Particle Photon on Watson IoT

Particle Photon on Watson IoT

IBM has had an IoT platform offering for a while now in various forms. The most recent evolution falls under the Watson brand, and includes device management, and authentication. Marketed as the Watson IoT Platform, the messaging layer is MQTT supported by IBM MessageSight.

MQTT is an ISO standard largely conceived at IBM, and you can find implementations of it for just about any platform or language. There is even support for MQTT over WebSocket via the Eclipse Paho JavaScript library.

On the device side, there are MQTT implementations for Electric Imp and Arduino, as well as Linux-based systems such as Raspberry Pi and the Intel Edison.
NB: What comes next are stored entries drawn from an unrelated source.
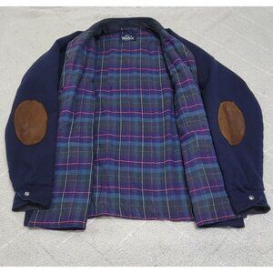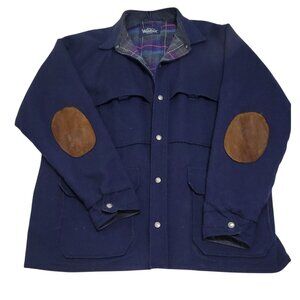 Woolrich Mens Navy Blue Snap Front Jacket Long Sleeve Elbow Patches Size L
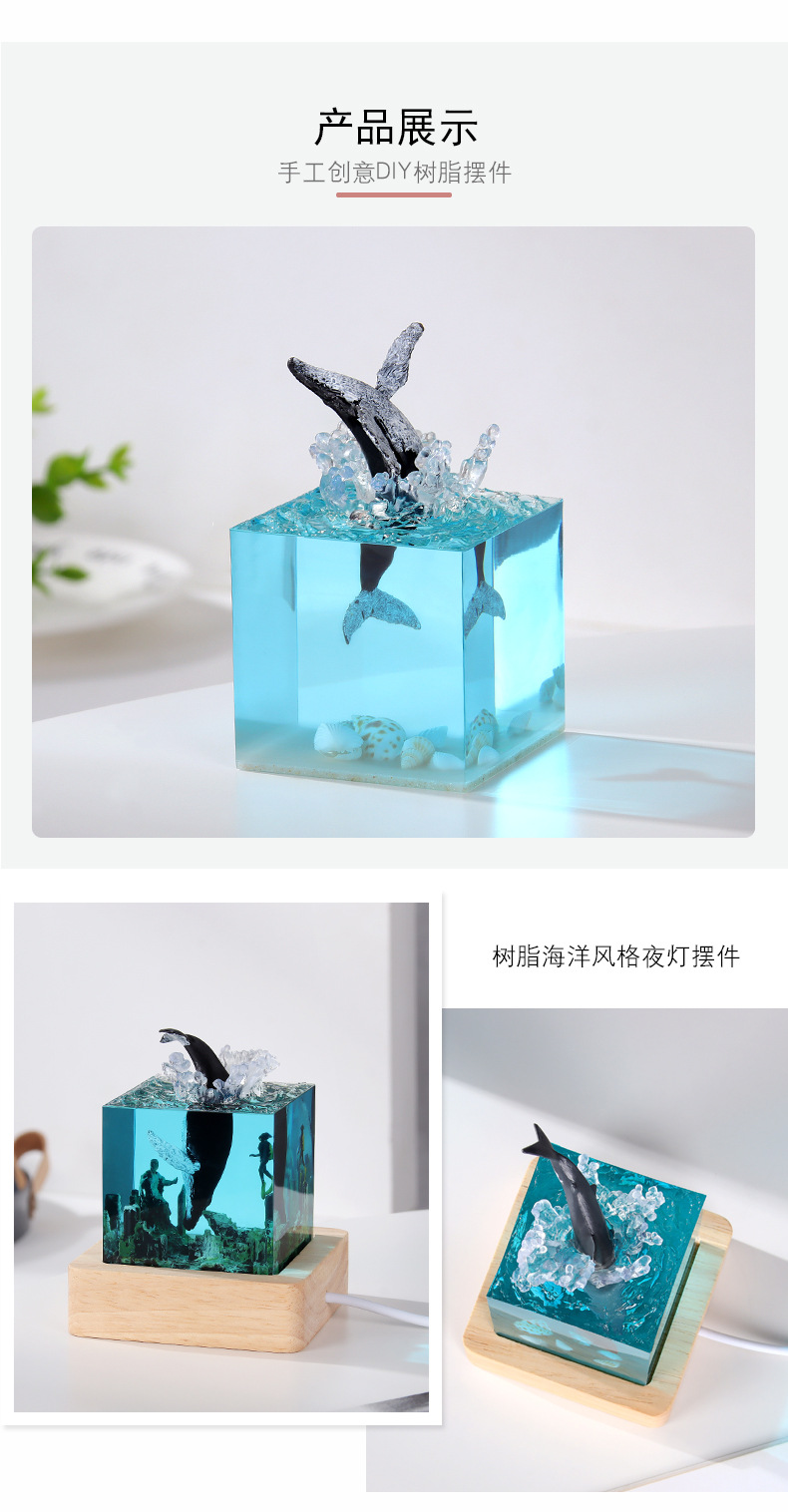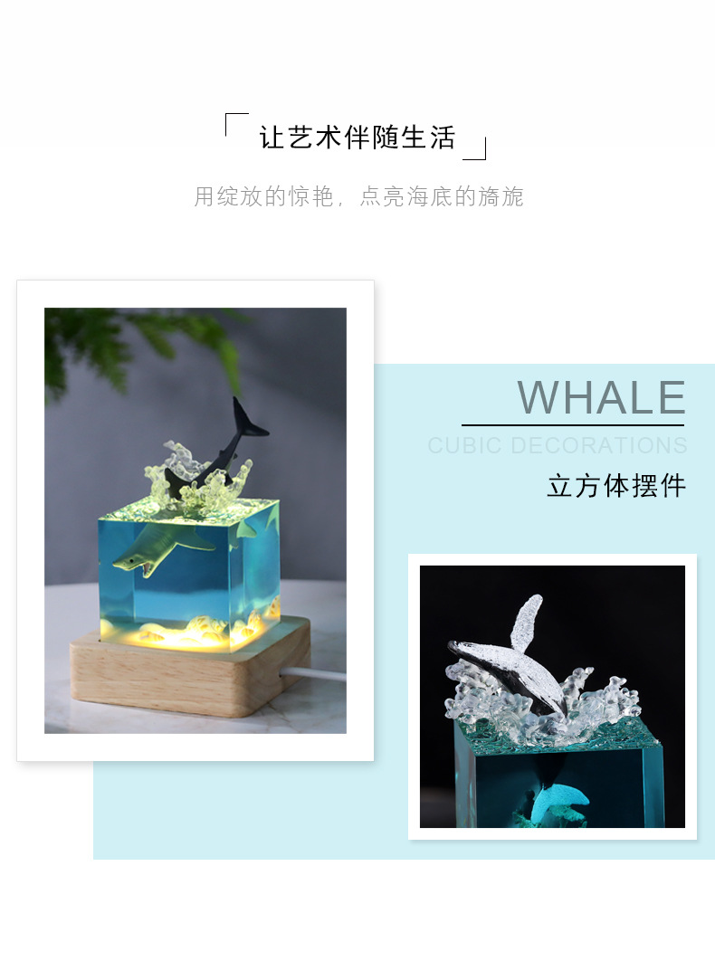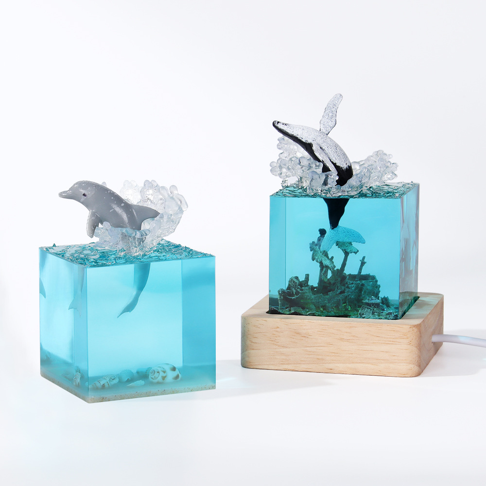 外贸专供海洋手工艺品树脂鲸鱼座头鲸海豚巨齿鲨厅家居小夜灯
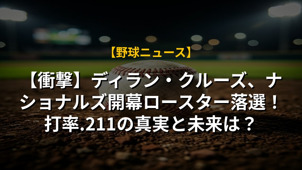 【衝撃】ディラン・クルーズ、ナショナルズ開幕ロースター落選!打率.211の真実と未来は?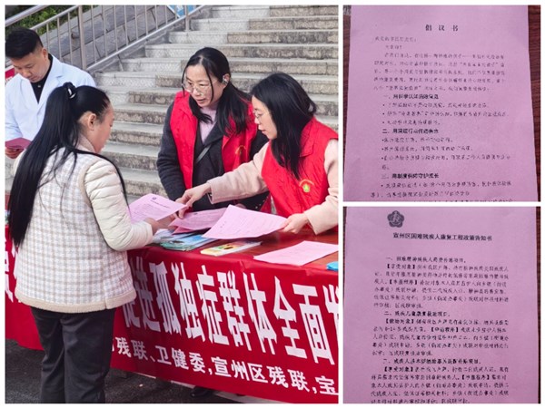 42日,宣城市殘聯、市衛健委和宣州區殘聯一起走進社區,向轄區居民、兒童家長發放倡議書和政策告知書,普及孤獨癥知識,提供現場咨詢和政策講解,積極營造關愛孤獨癥的社會氛圍。活動現場還就殘疾預防和殘疾人康復條例、殘疾人保障法、無障礙建設法和殘疾預防知識進行了宣傳。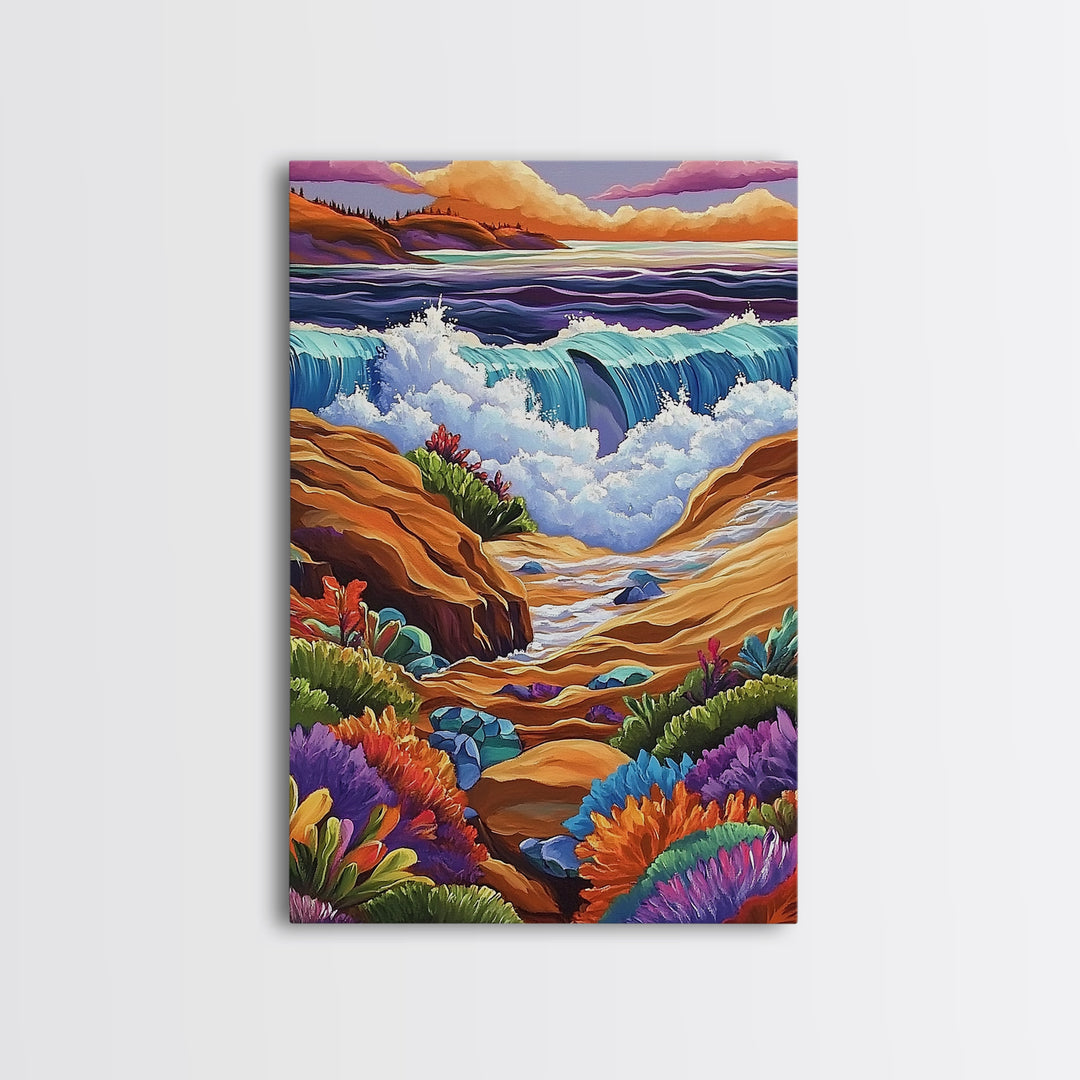 Ocean Rocks, Colorful, Framed Canvas Print, Coastal Sunset Wall Art, Bold Ocean Waves Decor, Living Room Statement Piece, Nature Art Print

Today I will take a look at connecting a Particle Photon to Watson IoT.

Watson IoT Setup

Watson IoT runs on IBM Bluemix. The details of setting up a Bluemix account, and creating an IoT instance are beyond the scope of this blog post - mostly because the Bluemix user interface is constantly changing, and any pictures posted here would likely be out of date in just a months time.

IoT Platform inside the Bluemix dashboard.

At a high level however, once you have a Bluemix account, you can search the "Catalog" for "iot" and find the "Internet of Things Platform" service. Create an instance of that service, which you can leave unbound. Bringing it up in the Bluemix dashboard will reveal an option to "Launch Dashboard" which is where we will pick up.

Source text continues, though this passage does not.